EXERCISE BRIEF |
Could you copy exactly the lines below from the one with "武汉城建集团,武汉市属的重点" to the one with "Strapless Deep Ruffle", inclusive, leaving out any pictures?

GIVEN ENTRIES |
····················

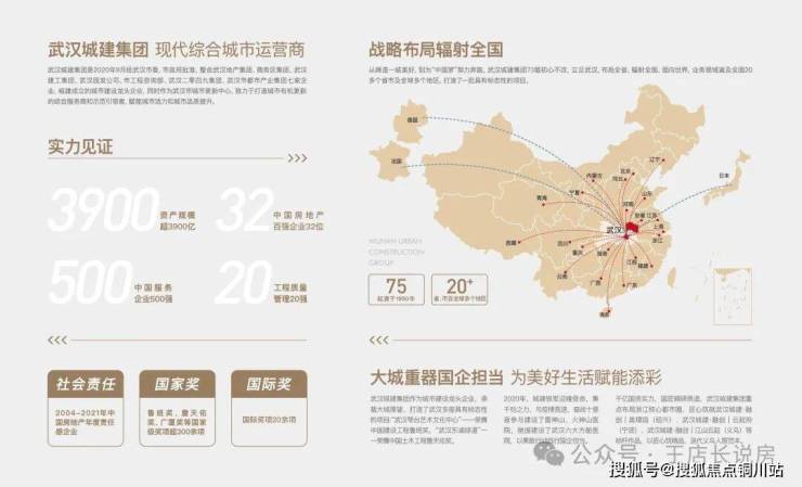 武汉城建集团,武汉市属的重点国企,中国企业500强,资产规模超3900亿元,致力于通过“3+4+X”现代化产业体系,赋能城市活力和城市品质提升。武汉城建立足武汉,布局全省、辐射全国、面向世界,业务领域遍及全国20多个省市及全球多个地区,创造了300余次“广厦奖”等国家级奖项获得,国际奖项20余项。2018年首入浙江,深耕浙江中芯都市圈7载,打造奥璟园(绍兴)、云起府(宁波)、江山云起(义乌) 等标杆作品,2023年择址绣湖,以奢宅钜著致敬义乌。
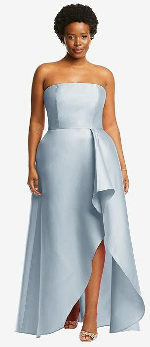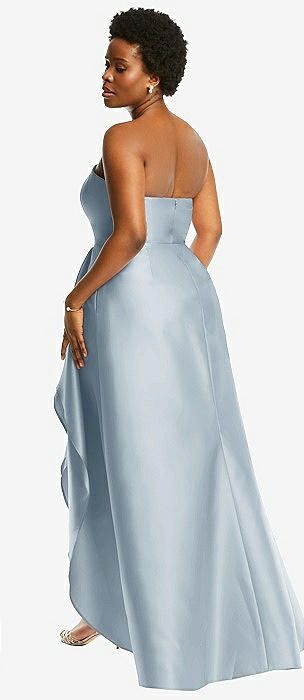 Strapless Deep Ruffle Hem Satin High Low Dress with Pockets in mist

····················

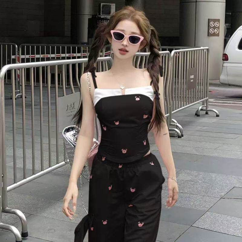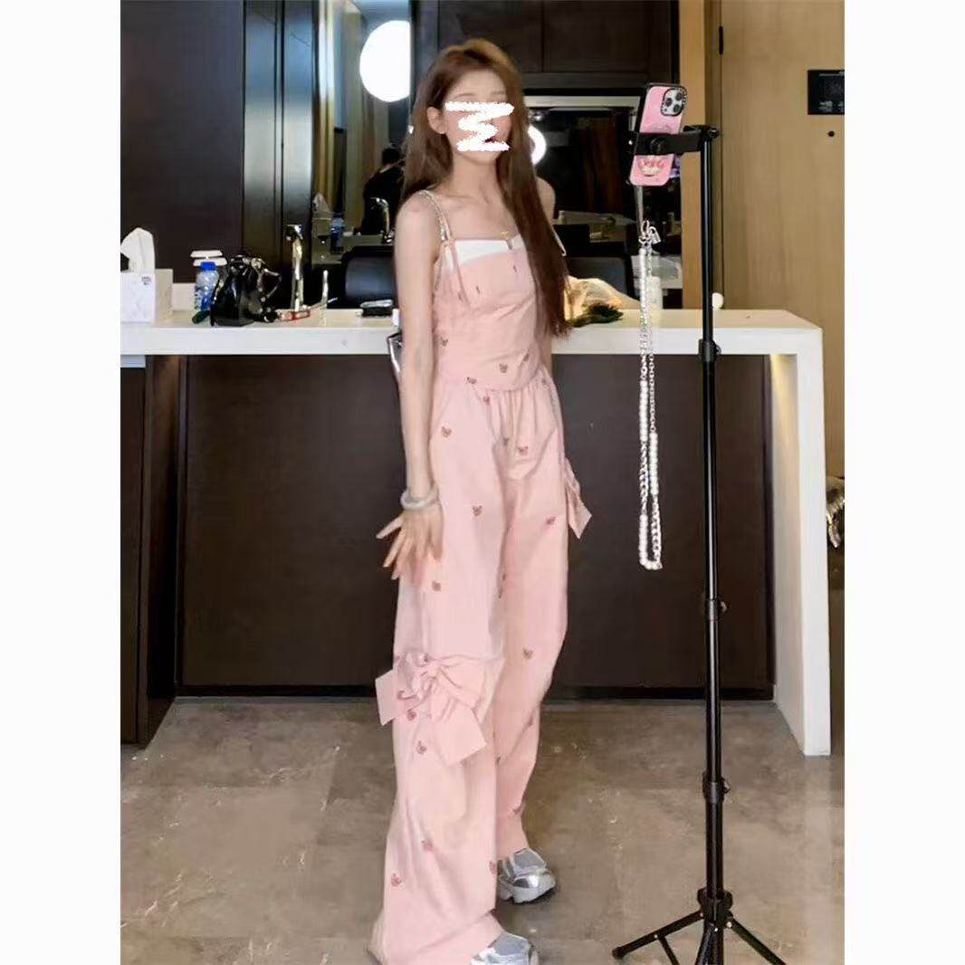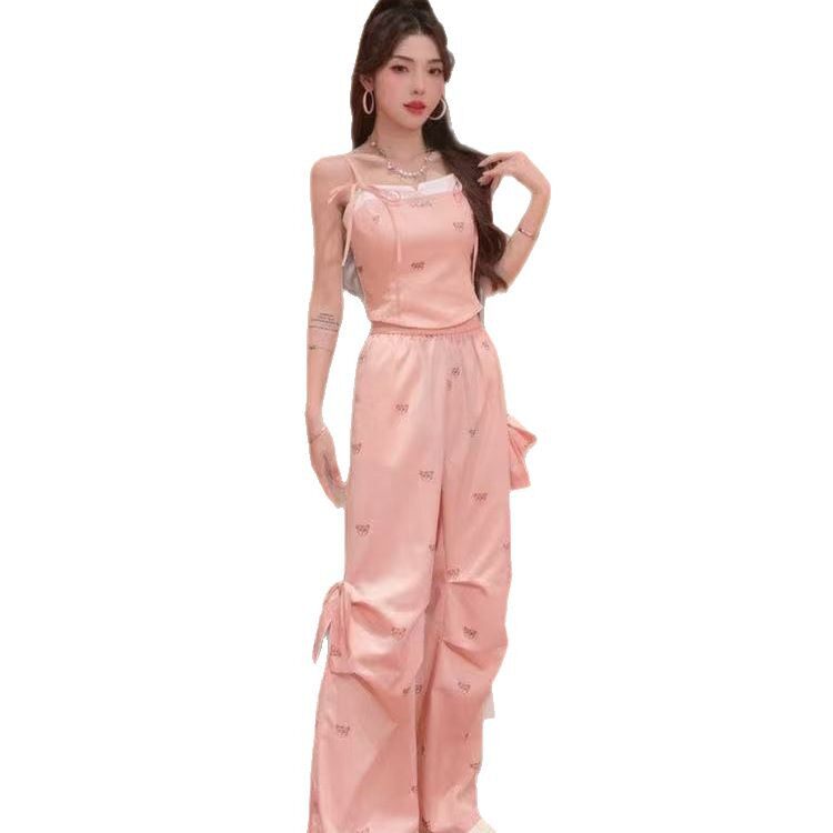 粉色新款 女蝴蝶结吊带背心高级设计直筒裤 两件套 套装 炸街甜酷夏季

····················

RESPONSE AREA |
 武汉城建集团,武汉市属的重点国企,中国企业500强,资产规模超3900亿元,致力于通过“3+4+X”现代化产业体系,赋能城市活力和城市品质提升。武汉城建立足武汉,布局全省、辐射全国、面向世界,业务领域遍及全国20多个省市及全球多个地区,创造了300余次“广厦奖”等国家级奖项获得,国际奖项20余项。2018年首入浙江,深耕浙江中芯都市圈7载,打造奥璟园(绍兴)、云起府(宁波)、江山云起(义乌) 等标杆作品,2023年择址绣湖,以奢宅钜著致敬义乌。
 Strapless Deep Ruffle Hem Satin High Low Dress with Pockets in mist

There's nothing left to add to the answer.